DIRECTIONS: Copy out the entries exactly, and wherever a picture appears, leave it out.

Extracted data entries
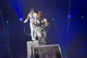 Für Nervenkitzel und Adrenalin pur sorgt das Duo Ortiz vor der Pause mit seinen verwegenen Aktionen auf dem Todesrad. Mit verschiedenen Sprüngen in den Kesseln starten die beiden Südamerikaner ihre Performance. Dann geht es nach außen. Seil springen und Blindlauf erfolgen in erstklassiger Manier, ehe hohe Absprünge auf der Außenbahn vielen Zuschauern feuchte Hände bescheren.
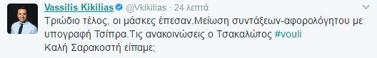 Με ανάρτησή του στο twitter o εκπρόσωπος Τύπου της ΝΔ, Βασίλης Κικίλιας σχολιάζει την επανέναρξη των διαπραγματεύσεων μεταξύ της κυβέρνησης και των εκπροσώπων των δανειστών.
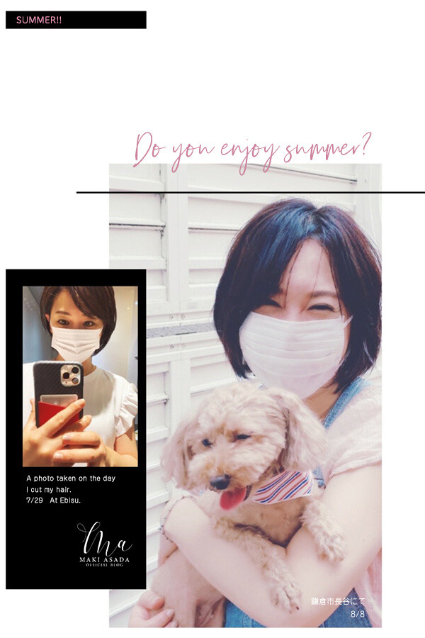 夏やね、また髪を切った真季。
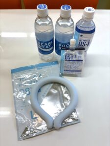 室温が高くなるような場合は、特に水分補給・体を冷やすなどの工夫をしながらの勤務をお願いします。
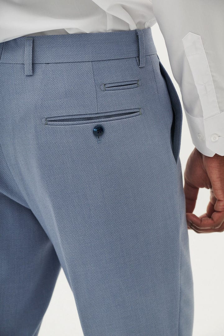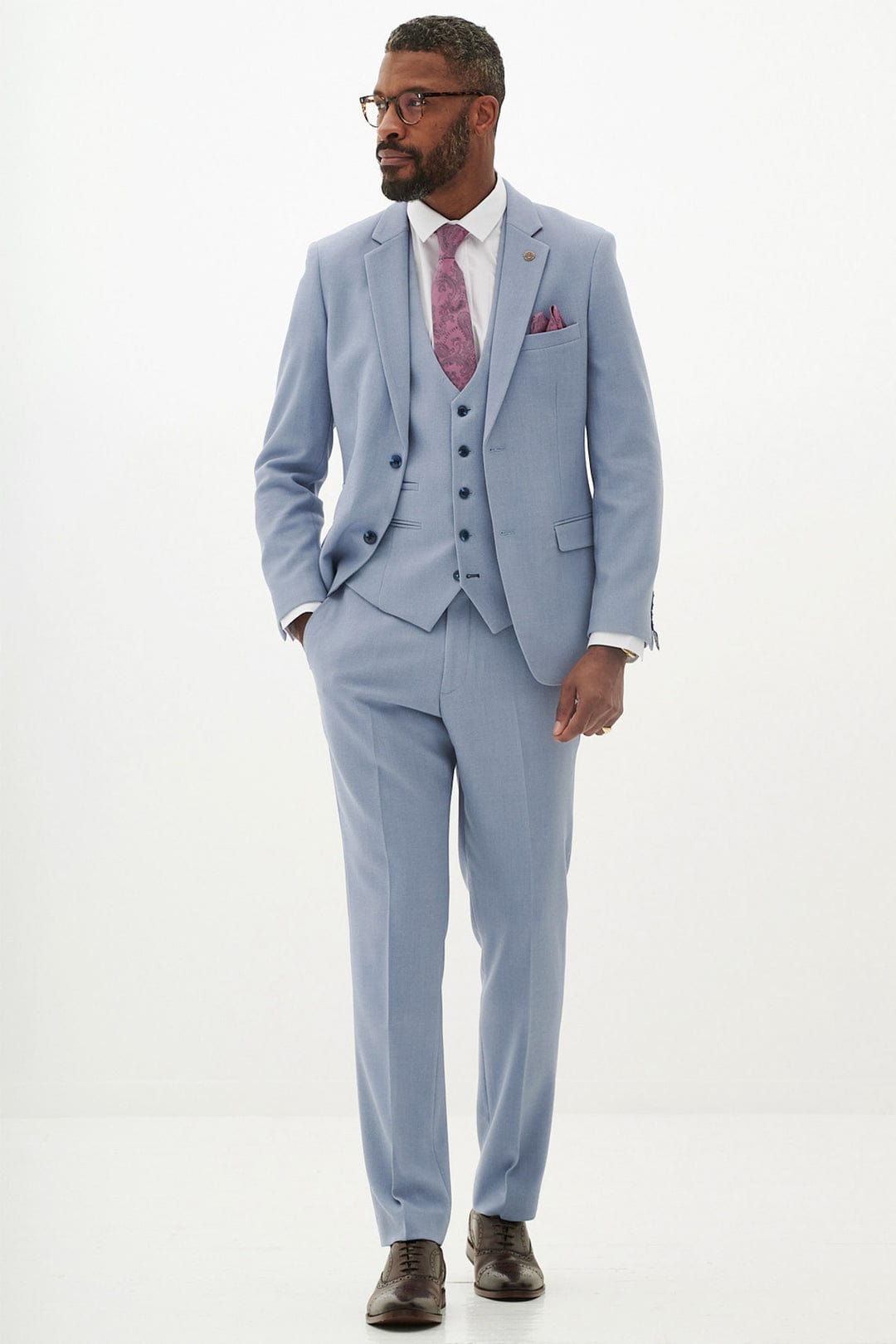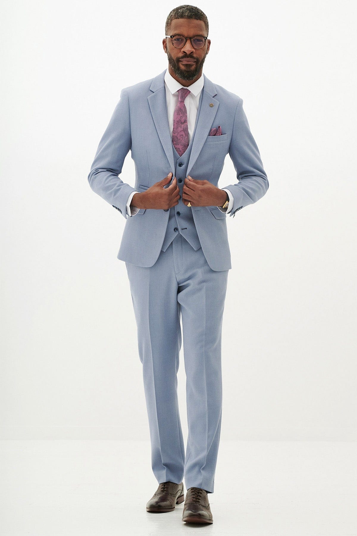 Dieser blaue dreiteilige Herrenanzug ist eine stilvolle und vielseitige Wahl für Hochzeiten und verschiedene formelle Anlässe. Er besteht aus einem bequemen Materialmix aus 35 % Viskose und 65 % Polyester und besteht aus einem Blazer mit Revers, einer passenden Weste und einer Hose. Der Blazer ist einreihig mit zwei Knöpfen, seitlichen Schlitzen und mehreren praktischen Taschen ausgestattet. Die Weste mit V-Ausschnitt verfügt über einen 5-Knopf-Verschluss mit einem elastischen Metallband auf der Rückseite für eine optimale Passform. Die Hose hat einen Reißverschluss und vier praktische Taschen. Pflegeleicht in der Maschine oder von Hand waschbar.
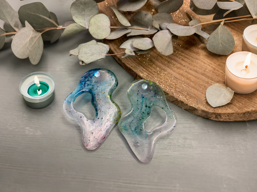 Pendientes grandes de resina con una silueta curva y elegante, característicos por su diseño moderno y fluido. En su interior presentan un sombreado artesanal en tonos azul y turquesa, aplicado de forma sutil para crear un efecto acuoso, suave y envolvente. La transición de color dentro de la resina aporta profundidad y un acabado etéreo, manteniendo la pieza ligera y luminosa. Cada pendiente es único gracias a su trabajo manual, ideal para quienes buscan un accesorio delicado, artístico y con inspiración marina.
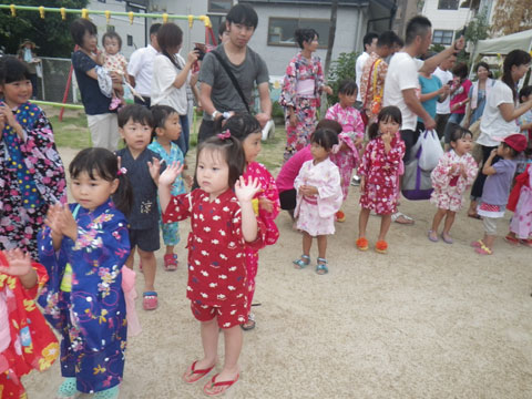 かわいい浴衣や甚平を身にまとった園児たちが続々集結
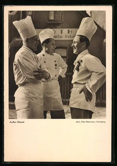 AK Drei Köche in Arbeitskleidung ausser Dienst
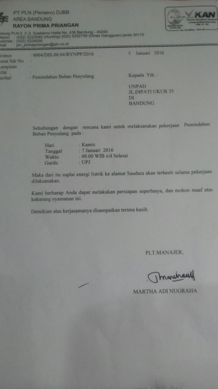 Pengumuman Pemadaman Listrik 7 Januari 2016 Kampus Unpad Jln. Dipati Ukur Kantor Komunikasi Publik 2016-01-07 1 min read 2016-01-07 Share this: Baca 1 menit 221 views Share this:
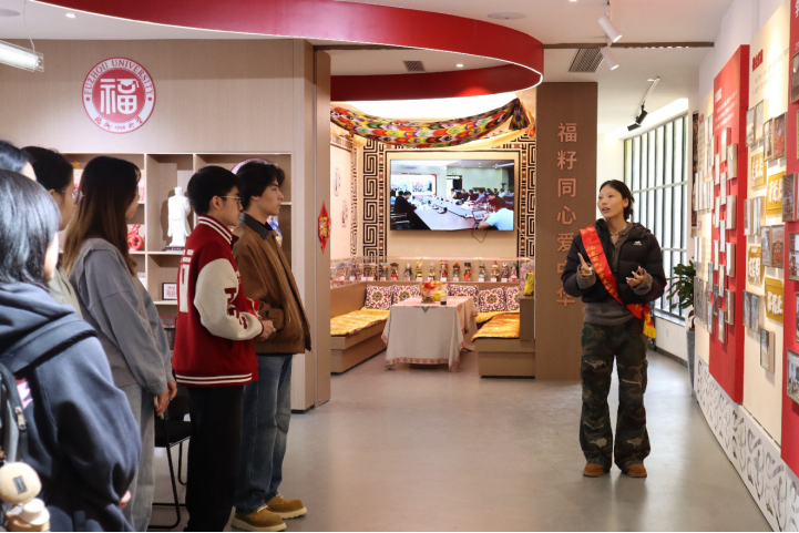 在刘敏榕工作室讲解员的带领下,同学们依次参观三爱读书社、党建区、铸牢区、民族团结进步故事墙、文化融合区、石榴籽公园等区域,深入了解工作室十年来在民族学生教育管理服务上的丰硕成果与典型经验。大家认真聆听工作室在思想引领、学业帮扶、社会实践、文化融合、生活关心等方面的工作举措,近距离观赏民族服饰、手工艺品、传统乐器与影像资料,在沉浸式体验中感受少数民族非遗文化魅力,深刻体悟 “石榴籽精神”,坚定文化自信与民族团结信念。
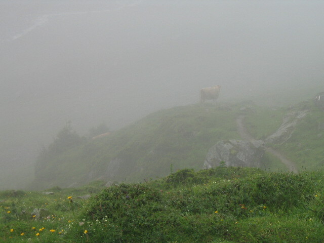 Incredibly, we did not get lost (for long) on, or slide down, the glacier, even where the trail was a narrow path across a steep, corn-snowy part of it. The jingle of cowbells, and then the sight of the cows, was a reassuring sign that we were returning to civilization, as they had been near the end of my National Park adventure.
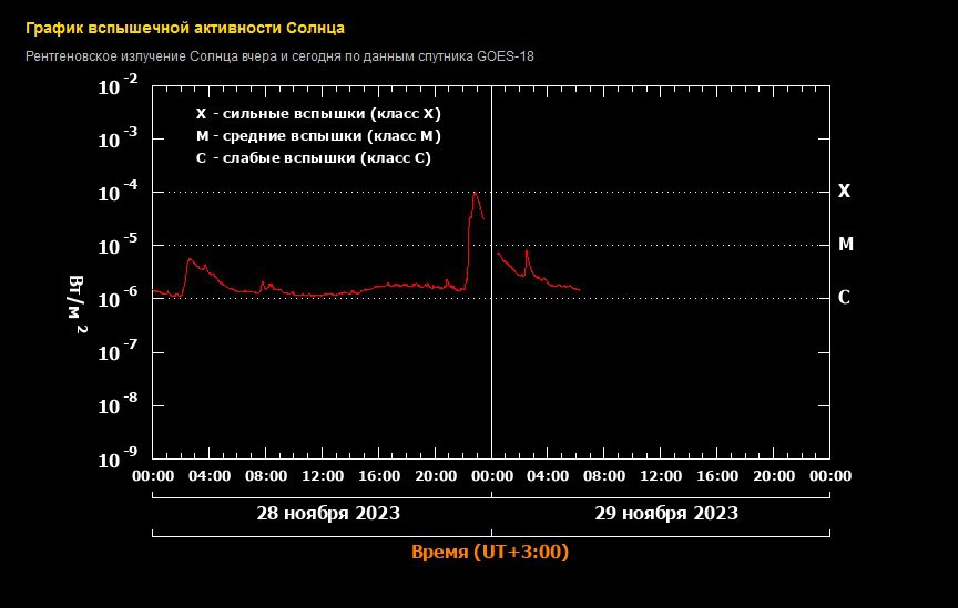 Буря связана со вспышкой на Солнце, которая стала двенадцатой в списке самых сильных с начала 2023 года. Она достигла практически потолка среднего уровня с активностью М9,8, подойдя вплотную к сильному уровню.
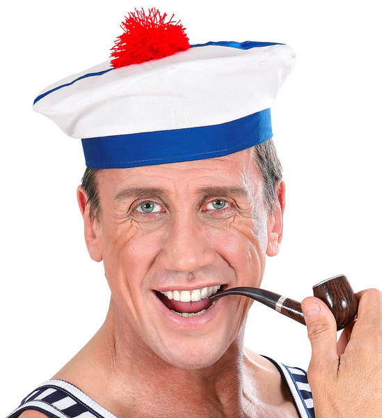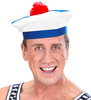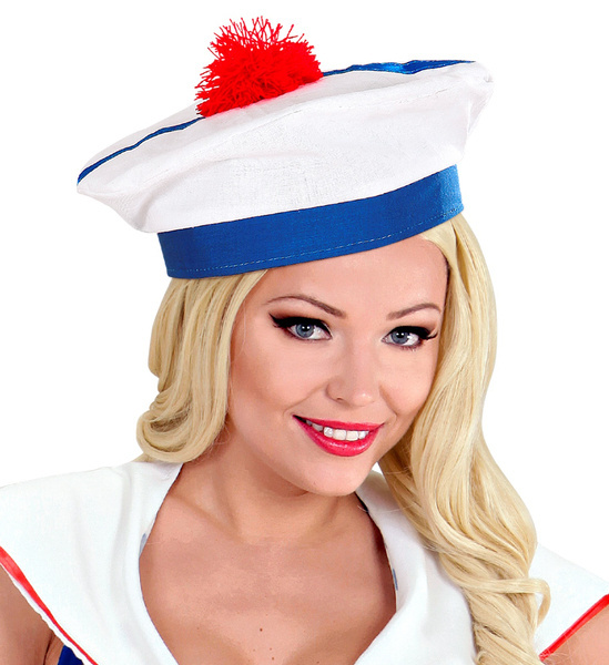 Czapka majtka wykonana z granatowo-białego materiału, obszyta granatową lamówką.
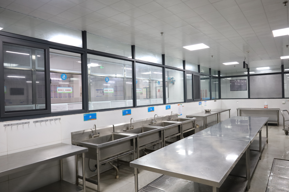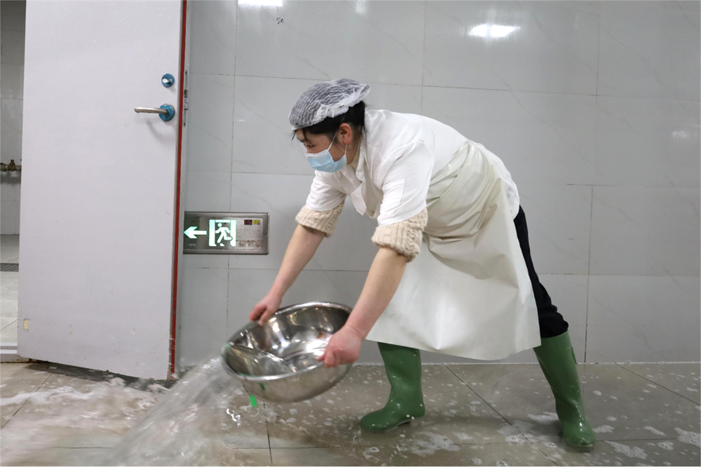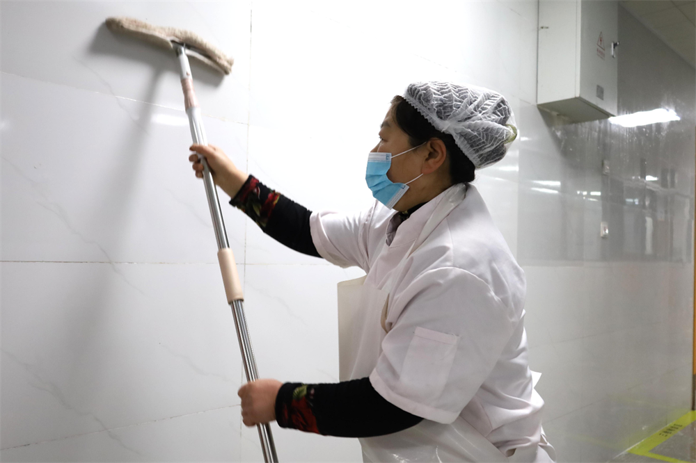 2月12日上午,安居四小的食堂里,十余名工作人员正忙着对食堂进行大清理,清刮墙面、擦拭门窗、冲洗地面……确保在新学期为师生营造一个安全、洁净、卫生的就餐环境。

WRITTEN REPLY:
 Für Nervenkitzel und Adrenalin pur sorgt das Duo Ortiz vor der Pause mit seinen verwegenen Aktionen auf dem Todesrad. Mit verschiedenen Sprüngen in den Kesseln starten die beiden Südamerikaner ihre Performance. Dann geht es nach außen. Seil springen und Blindlauf erfolgen in erstklassiger Manier, ehe hohe Absprünge auf der Außenbahn vielen Zuschauern feuchte Hände bescheren.
 Με ανάρτησή του στο twitter o εκπρόσωπος Τύπου της ΝΔ, Βασίλης Κικίλιας σχολιάζει την επανέναρξη των διαπραγματεύσεων μεταξύ της κυβέρνησης και των εκπροσώπων των δανειστών.
 夏やね、また髪を切った真季。
 室温が高くなるような場合は、特に水分補給・体を冷やすなどの工夫をしながらの勤務をお願いします。
 Dieser blaue dreiteilige Herrenanzug ist eine stilvolle und vielseitige Wahl für Hochzeiten und verschiedene formelle Anlässe. Er besteht aus einem bequemen Materialmix aus 35 % Viskose und 65 % Polyester und besteht aus einem Blazer mit Revers, einer passenden Weste und einer Hose. Der Blazer ist einreihig mit zwei Knöpfen, seitlichen Schlitzen und mehreren praktischen Taschen ausgestattet. Die Weste mit V-Ausschnitt verfügt über einen 5-Knopf-Verschluss mit einem elastischen Metallband auf der Rückseite für eine optimale Passform. Die Hose hat einen Reißverschluss und vier praktische Taschen. Pflegeleicht in der Maschine oder von Hand waschbar.
 Pendientes grandes de resina con una silueta curva y elegante, característicos por su diseño moderno y fluido. En su interior presentan un sombreado artesanal en tonos azul y turquesa, aplicado de forma sutil para crear un efecto acuoso, suave y envolvente. La transición de color dentro de la resina aporta profundidad y un acabado etéreo, manteniendo la pieza ligera y luminosa. Cada pendiente es único gracias a su trabajo manual, ideal para quienes buscan un accesorio delicado, artístico y con inspiración marina.
 かわいい浴衣や甚平を身にまとった園児たちが続々集結
 AK Drei Köche in Arbeitskleidung ausser Dienst
 Pengumuman Pemadaman Listrik 7 Januari 2016 Kampus Unpad Jln. Dipati Ukur Kantor Komunikasi Publik 2016-01-07 1 min read 2016-01-07 Share this: Baca 1 menit 221 views Share this:
 在刘敏榕工作室讲解员的带领下,同学们依次参观三爱读书社、党建区、铸牢区、民族团结进步故事墙、文化融合区、石榴籽公园等区域,深入了解工作室十年来在民族学生教育管理服务上的丰硕成果与典型经验。大家认真聆听工作室在思想引领、学业帮扶、社会实践、文化融合、生活关心等方面的工作举措,近距离观赏民族服饰、手工艺品、传统乐器与影像资料,在沉浸式体验中感受少数民族非遗文化魅力,深刻体悟 “石榴籽精神”,坚定文化自信与民族团结信念。
 Incredibly, we did not get lost (for long) on, or slide down, the glacier, even where the trail was a narrow path across a steep, corn-snowy part of it. The jingle of cowbells, and then the sight of the cows, was a reassuring sign that we were returning to civilization, as they had been near the end of my National Park adventure.
 Буря связана со вспышкой на Солнце, которая стала двенадцатой в списке самых сильных с начала 2023 года. Она достигла практически потолка среднего уровня с активностью М9,8, подойдя вплотную к сильному уровню.
 Czapka majtka wykonana z granatowo-białego materiału, obszyta granatową lamówką.
 2月12日上午,安居四小的食堂里,十余名工作人员正忙着对食堂进行大清理,清刮墙面、擦拭门窗、冲洗地面……确保在新学期为师生营造一个安全、洁净、卫生的就餐环境。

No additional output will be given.